DATA START
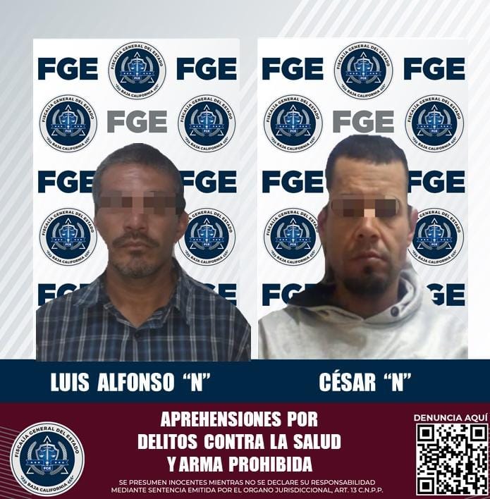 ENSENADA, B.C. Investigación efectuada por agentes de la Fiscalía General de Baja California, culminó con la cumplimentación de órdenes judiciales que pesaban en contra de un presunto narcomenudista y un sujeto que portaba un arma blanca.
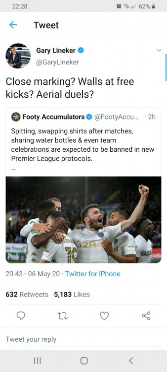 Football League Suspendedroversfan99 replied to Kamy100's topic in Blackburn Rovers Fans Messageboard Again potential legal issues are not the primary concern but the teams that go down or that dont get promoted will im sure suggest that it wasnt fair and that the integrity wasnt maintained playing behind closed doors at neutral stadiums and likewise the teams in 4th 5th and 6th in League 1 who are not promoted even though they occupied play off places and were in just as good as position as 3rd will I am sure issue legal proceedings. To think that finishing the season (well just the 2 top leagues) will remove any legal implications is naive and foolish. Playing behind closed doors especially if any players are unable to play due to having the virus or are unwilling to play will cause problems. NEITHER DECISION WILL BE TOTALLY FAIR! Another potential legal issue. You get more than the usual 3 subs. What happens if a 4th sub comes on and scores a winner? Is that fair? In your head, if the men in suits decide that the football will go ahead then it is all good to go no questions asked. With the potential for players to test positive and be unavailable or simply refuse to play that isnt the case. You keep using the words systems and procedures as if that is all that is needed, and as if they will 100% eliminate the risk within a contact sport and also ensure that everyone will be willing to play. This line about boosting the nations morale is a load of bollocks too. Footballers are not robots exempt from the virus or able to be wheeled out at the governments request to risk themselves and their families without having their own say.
DATA END
DATA START
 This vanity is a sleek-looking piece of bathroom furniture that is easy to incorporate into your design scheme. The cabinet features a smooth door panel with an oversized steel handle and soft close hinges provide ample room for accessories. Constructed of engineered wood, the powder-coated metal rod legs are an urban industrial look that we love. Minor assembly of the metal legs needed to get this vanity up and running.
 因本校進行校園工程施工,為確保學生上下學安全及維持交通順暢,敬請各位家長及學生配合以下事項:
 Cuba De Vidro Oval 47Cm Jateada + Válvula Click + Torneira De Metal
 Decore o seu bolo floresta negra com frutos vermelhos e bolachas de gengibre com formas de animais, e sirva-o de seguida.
DATA END
DATA START
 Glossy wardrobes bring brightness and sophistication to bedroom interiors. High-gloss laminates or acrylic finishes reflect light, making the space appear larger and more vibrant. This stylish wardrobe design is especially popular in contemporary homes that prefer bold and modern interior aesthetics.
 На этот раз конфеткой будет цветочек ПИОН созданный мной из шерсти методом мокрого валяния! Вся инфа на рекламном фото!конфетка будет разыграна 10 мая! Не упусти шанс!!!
DATA END
EXERCISE DIRECTIONS: All that is wanted is a faithful reproduction of the line above with "This vanity is", the line with "因本校進行校園工程施工,為確", and every line in between.

EXERCISE OUTPUT:
 This vanity is a sleek-looking piece of bathroom furniture that is easy to incorporate into your design scheme. The cabinet features a smooth door panel with an oversized steel handle and soft close hinges provide ample room for accessories. Constructed of engineered wood, the powder-coated metal rod legs are an urban industrial look that we love. Minor assembly of the metal legs needed to get this vanity up and running.
 因本校進行校園工程施工,為確保學生上下學安全及維持交通順暢,敬請各位家長及學生配合以下事項:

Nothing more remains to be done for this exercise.